I see this course as a partnership between the textbook, lectures, and homework; all of them work to help you learn. Tests serve to ensure that you are learning the material, but they cannot test everything all at once. There will be problems on the homework that are much harder than anything that would be on a test. The homework is supposed to be hard, just like training for a sport. You should allocate enough time for it; ideally, you should start it well before office hours, so you can use office hours efficiently. Because no textbook is perfect, there will occasionally be items presented in lecture that are not in the book. You will be responsible for these topics just as much as the ones that are in the book. Similarly, there are some things in the textbook that are better read than lectured. Just because it didn't appear in lecture doesn't mean it won't be in the homework or on the exams.

Academic Honesty

Integrity and Honesty are vital in life, especially for engineers, since the systems we design or modify can improve people's quality of life, or can do irreparable harm. Using probability and statistics ethically requires that we state all of the facts and assumptions in as clear a manner as possible, to avoid "lying with statistics". We are also bound by honor to give credit where it is due. In this class, you might ask others for help with a homework assignment. Once you write up your answer in your own words to turn in, it is a good idea to include a mention of their help on any particular problem. It is dishonest to copy homework solutions from past years that you might obtain or have. On quizzes and exams, of course, your work should be entirely your own. Violations of academic honesty will result in disciplinary proceedings.

Here is the statement of the Lehigh Student Senate on academic integrity: We, the Lehigh University Student Senate, as the standing representative body of all undergraduates, reaffirm the duty and obligation of students to meet and uphold the highest principles and values of personal, moral and ethical conduct. As partners in our educational community, both students and faculty share the responsibility for promoting and helping ensure an environment of academic integrity. As such, each student is expected to complete all academic course work in accordance to the standards set forth by the faculty and in compliance with the University's Code of Conduct.

Grading Policy

Your final numeric score will be determined as follows:

22% : Homework (11 assignments)
  5% : Class participation        
48% : Midterm exams (4 of them, 12% each)
25% : Final Exam

Plus and minus grading will be used for final grades. Final grades will be "curved".

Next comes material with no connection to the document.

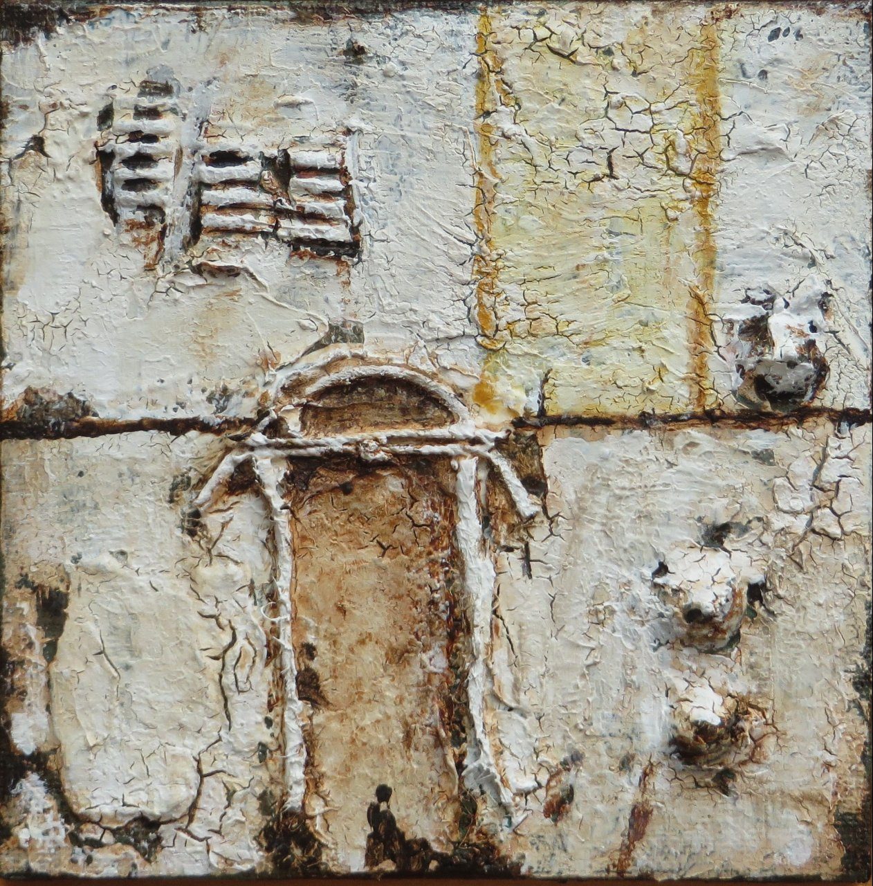 Een globale impressie van het schilderij "Poortje 2" 12x12cm.

Accommodations for Students with Disabilities

If you have a disability for which you are or may be requesting accommodations, please contact both your instructor and the Office of Academic Support Services, University Center 212 (610-758-4152) as early as possible in the semester. You must have documentation from the Academic Support Services office before accommodations can be granted.

Aside from verified disability accommodations, no exemptions from exams will be given, and no exam scores will be dropped. Only verifiable excuses will be considered for missing an exam: you must inform me prior to the exam, and you must supply me with a written excuse from a doctor or the Dean of Students.

Typical Difficulties

Here, we list some of the problems that students typically encounter in the course. You won't understand some of the terms right now, but look back at this section as the course goes along and you will understand it better.

The hardest part of this course is usually figuring out which type of probability distribution to use in a particular situation. That is, "word problems" are what this course is all about. This is not made easier by the fact that the names of the distributions, like the names of the chemical elements, have no apparent system to them. It takes a lot of practice to become familiar with what tool to use for any particular situation, so hang in there, practice, and it will eventually "click" for you.

Other difficulties tend to be:

Schedule Notes

  Do not purchase your Winter break airline tickets before the schedule for final exams is posted. You will not be allowed to "take the exam early because you have already purchased a non-refundable airline ticket". The last possible day for the exam is Wednesday, Dec. 22nd.